I would actually have really liked to go to New York. Chicago strikes me as too cold – I don’t feel a pull. Boston might have been nice – I have friends there, one now working at the Boston Museum of Fine Arts, and I could have met up again with the lovely Ida Meister from Cafleurebon along with the fabulous John Biebel from Fragrantica – and chewed various cuds. Baltimore has an inexplicable appeal – perhaps because of Nina Simone, John Waters, The Wire. I think I would be weirdly fascinated by Las Vegas. Would like to see the light in Alberqueque.I have never felt the slightest inclination for Washington and its Grecian sterility; its ugly suits and red and blue ties. Seattle- I am sure it is perfectly nice and the rain trope may or may not be true but for some reason I can’t entirely be bothered. The same goes for anything or anywhere Ralph Laurenesque – apologies to Massachusetts – I am sure the conifers are lovely – but I can find no appeal. I am not massively drawn to gargantuan open spaces, nor arid terracottas and ochres or any similarly dun colours and have no interest whatsoever in the Grand Canyon – or anywhere similar. I would like to go to the South to hear the accents, feel the charm. Memphis; Graceland. Georgia peaches. To live inside a road movie, like Wild At Heart or Thelma And Louise. But then there are all the guns. Oh dear. Not a fan. We saw a documentary the other day on Timothy Mcveigh and his bombing of Oklahoma – and all the pointless, pointless, carnage it wreaked; I hadn’t realized until this week that the main motivation for the attack was to start a war with the government over the ‘right to bear arms’.

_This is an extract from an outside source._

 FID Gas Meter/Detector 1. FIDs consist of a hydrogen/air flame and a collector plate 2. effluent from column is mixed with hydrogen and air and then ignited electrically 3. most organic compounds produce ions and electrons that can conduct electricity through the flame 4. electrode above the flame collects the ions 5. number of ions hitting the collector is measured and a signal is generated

The Wilderness and the National Parks are all very well – but I like my nature on a more intimate scale. I can’t see myself in Alaska. White water rapids don’t thrill me. I like a dangling stream, a brook with weeping willows, bluebells. I can imagine Atlanta having a buzz but don’t like the architecture. That would probably also go for many a city. I didn’t really take to San Diego. It’s all probably immaterial now in any case.

I have been to American three times (if Hawaii counts – hated Waikiki but loved the deeper parts of Honolulu), and I found all those trips eye-opening, exhilarating. I despised the theme parks – , the sickeningly sized junk food, the bucket sized sodas, the grinning plastic mascots sucking up money; the traipsing flip flops, sagging white t-shirts and shorts, but did love the general friendliness and courtesy – that warm coziness you don’t always get in England or Nippon – and I pray all that won’t go to hell with all the strife of the current Dictatorship because that was always the US’s ‘superpower’ – that optimism; that unbridled sense of possibility- though I realize, of course, that all this is fast becoming a sorrowfully, curdling cliché.

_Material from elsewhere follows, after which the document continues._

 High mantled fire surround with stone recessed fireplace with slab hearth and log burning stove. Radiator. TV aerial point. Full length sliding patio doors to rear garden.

I adored New Orleans. Hove Perfumery. The mysteries of Louisiana; the swampish wet heat; the crocodiles and tree moss. The Lana Del Reyness of it all. I dream of an entire summer there. Miami felt dangerous, threatening — but thrilling. We had some very beautiful Joni Mitchell moments in San Francisco, another city that entered my bloodstream and memories for all of time. Los Angeles felt like a shimmering drug: dark; spellbinding.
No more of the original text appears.